WASHINGTON (AP) - In an emphatic defense of privacy in the digital age, a unanimous Supreme Court ruled Wednesday that police generally may not search the cellphones of people they arrest without first getting search warrants.
Cellphones are unlike anything else police may find on someone they arrest, Chief Justice John Roberts wrote for the court. They are “not just another technological convenience,” he said, but ubiquitous, increasingly powerful computers that contain vast quantities of personal, sensitive information.
“With all they contain and all they may reveal, they hold for many Americans the privacies of life,” Roberts declared. So the message to police about what they should do before rummaging through a cellphone’s contents following an arrest is simple: “Get a warrant.”
The chief justice acknowledged that barring searches would affect law enforcement, but he said: “Privacy comes at a cost.”
By ruling as it did, the court chose not to extend earlier decisions from the 1970s- when cellphone technology was not yet available - that allow police to empty a suspect’s pockets and examine whatever they find to ensure officers’ safety and prevent the destruction of evidence.
The Obama administration and the state of California, defending cellphone searches, said the phones should have no greater protection from a search than anything else police find. But the defendants in the current cases, backed by civil libertarians, librarians and news media groups, argued that cellphones, especially smartphones, can store troves of sensitive personal information.
“By recognizing that the digital revolution has transformed our expectations of privacy, today’s decision is itself revolutionary and will help to protect the privacy rights of all Americans,” said American Civil Liberties Union legal director Steven Shapiro.
Under the Constitution’s Fourth Amendment, police generally need a warrant before they can conduct a search. The warrant itself must be based on “probable cause,” evidence that a crime has been committed.

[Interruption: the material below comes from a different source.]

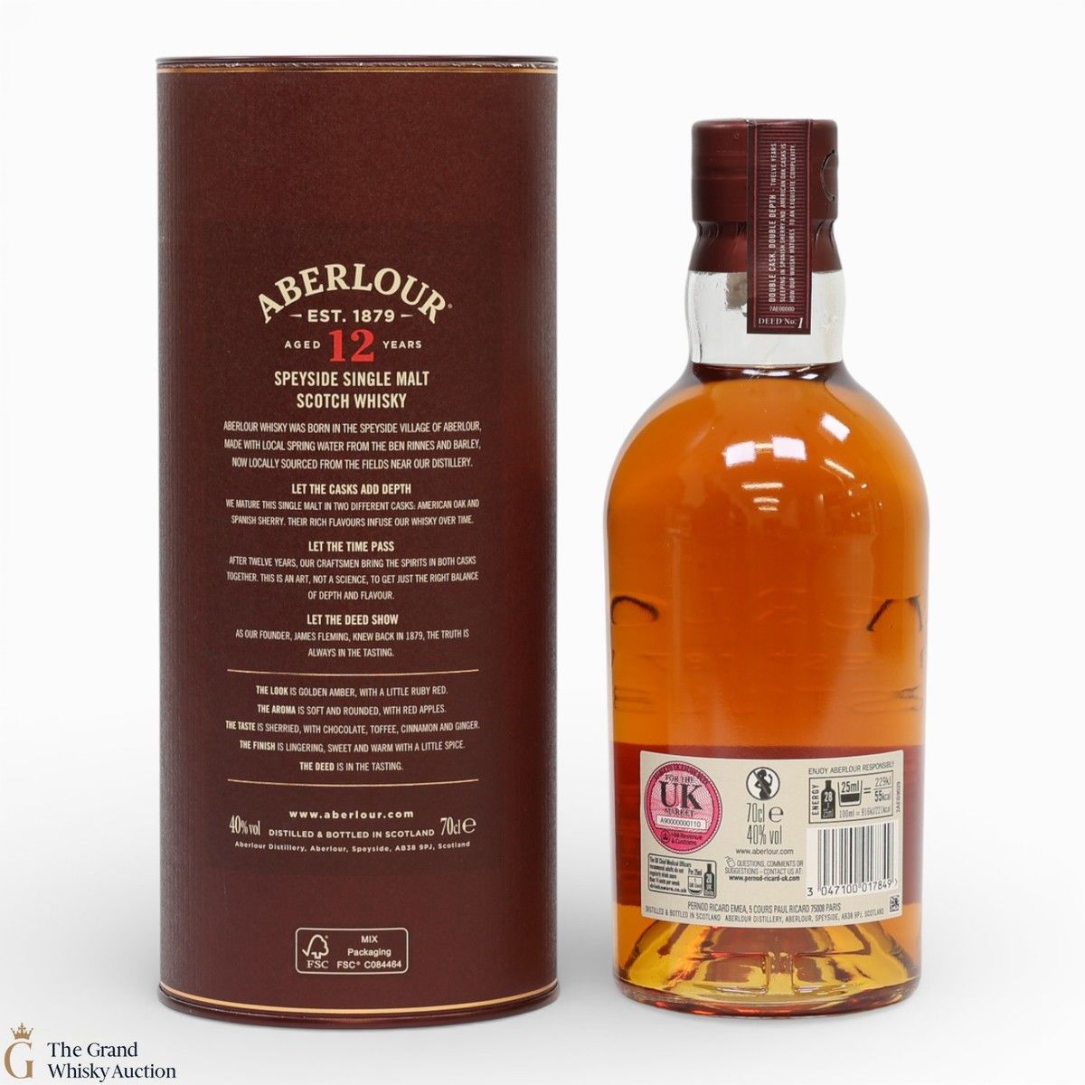 This Aberlour 12 Year Old, has been double cask matured in two handmade oak cask types. The double maturation of both traditional oak and sherry casks adds depth of character to this single malt, now bottled at 40% abv.

In the cases decided Wednesday, one defendant carried a smartphone, while the other carried an older flip phone. The police looked through both without first getting search warrants.

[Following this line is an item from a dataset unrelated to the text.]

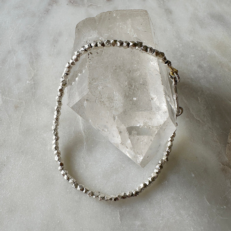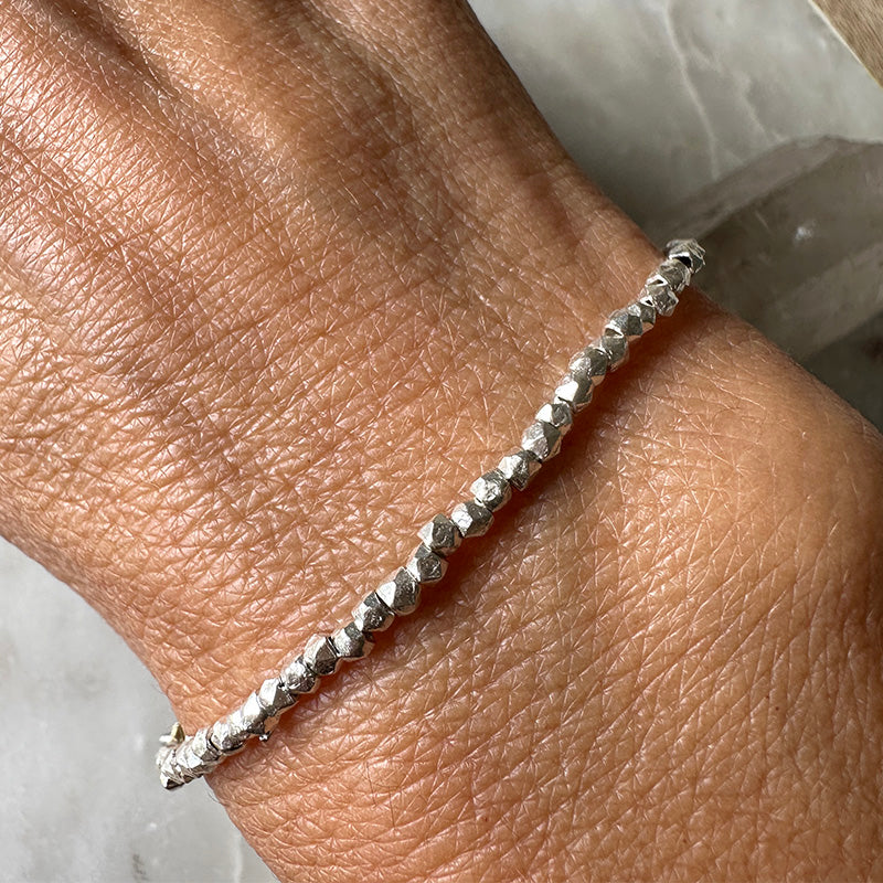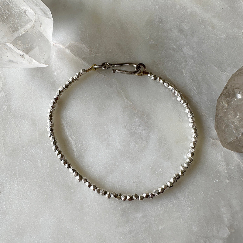 The dark color of oxidized sterling silver is a special treatment that is achieved by careful processing at our design studio. With time and with wear, the color of the oxidized metal may lighten a bit--this is a natural and organic occurrence. Please do not clean oxidized sterling silver jewelry. Attempting to clean oxidized sterling silver jewelry will remove the finish.

Roberts said there’s no comparison between cellphones and packages of cigarettes and other items that were at issue in the earlier cases.
A ride on horseback and a flight to the moon both “are ways of getting from point A to point B, but little else justifies lumping them together,” he said.
Authorities concerned about the destruction of evidence can take steps to prevent the remote erasure of a phone’s contents or the activation of encryption, Roberts said. The police still may seize the cellphone and turn it off or remove its battery. If they think that turning it off could trigger encryption when the phone is turned back on, police can leave the phone on and place it in a special Faraday bag that isolates the phone from radio waves, he said.
One exception to the warrant requirement left open by the decision is a case in which officers reasonably fear for their safety or the lives of others.
Justice Samuel Alito joined in the judgment, but he wrote separately to say he would prefer that elected lawmakers, not judges, decide current matters of privacy protection. Elected officials “are in a better position than we are to assess and respond to the changes that have already occurred and those that almost certainly will take place in the future,” Alito said.
The two cases arose after arrests in San Diego and Boston.